Interleukin-1α dependent survival of cardiac fibroblasts is associated with StAR/STARD1 expression and improved cardiac remodeling and function after myocardial infarction

Talya Razin, Naomi Melamed-Book, Jasmin Argaman, Iris Galin, Yosef Lowy, Eli Anuka, Nili Naftali-Shani, Michal Kandel-Kfir, Benjamin P. Garfinkel, Shlomi Brielle, Zvi Granot, Ron N. Apte, Simon J. Conway, Jeffery D. Molkentin, Yehuda Kamari, Jonathan Leor, Joseph Orly
Journal of Molecular and Cellular Cardiology2021
Aims: One unaddressed aspect of healing after myocardial infarction (MI) is how non-myocyte cells that survived the ischemic injury, keep withstanding additional cellular damage by stress forms typically arising during the post-infarction inflammation. Here we aimed to determine if cell survival is conferred by expression of a mitochondrial protein novel to the cardiac proteome, known as steroidogenic acute regulatory protein, (StAR/STARD1). Further studies aimed to unravel the regulation and role of the non-steroidogenic cardiac StAR after MI. Methods and results: Following permanent ligation of the left anterior descending coronary artery in mouse heart, timeline western blot analyses showed that StAR expression corresponds to the inflammatory response to MI. Following the identification of StAR in mitochondria of cardiac fibroblasts in culture, confocal microscopy immunohistochemistry (IHC) identified StAR expression in left ventricular (LV) activated interstitial fibroblasts, adventitial fibroblasts and endothelial cells. Further work with the primary fibroblasts model revealed that interleukin-1α (IL-1α) signaling via NF-κB and p38 MAPK pathways efficiently upregulates the expression of the Star gene products.
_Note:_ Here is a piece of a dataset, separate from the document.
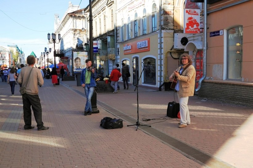 - Неспешно прогуливаясь дальше, впереди вы найдете магазины обуви, одежды, отделы с ювелирными украшениями, швейцарскими часами, и, конечно же, множество кафешек, о лучших из которых я расскажу ниже. Приближаясь к Кремлю, вы не пройдете мимо Государственного драматического театра и Театральной площади, на которой в основном и выступают уличные артисты, прося поддержать их начинание небольшой монеткой.

At the functional level, IL-1α primed fibroblasts were protected against apoptosis when exposed to cisplatin mimicry of in vivo apoptotic stress; yet, the protective impact of IL-1α was lost upon siRNA mediated StAR downregulation. At the physiological level, StAR expression was nullified during post-MI inflammation in a mouse model with global IL-1α deficiency, concomitantly resulting in a 4-fold elevation of apoptotic fibroblasts. Serial echocardiography and IHC studies of mice examined 24 days after MI revealed aggravation of LV dysfunction, LV dilatation, anterior wall thinning and adverse tissue remodeling when compared with loxP control hearts. Conclusions: This study calls attention to overlooked aspects of cellular responses evolved under the stress conditions associated with the default inflammatory response to MI. Our observations suggest that LV IL-1α is cardioprotective, and at least one mechanism of this action is mediated by induction of StAR expression in border zone fibroblasts, which renders them apoptosis resistant. This acquired survival feature also has long-term ramifications on the heart recovery by diminishing adverse remodeling and improving the heart function after MI.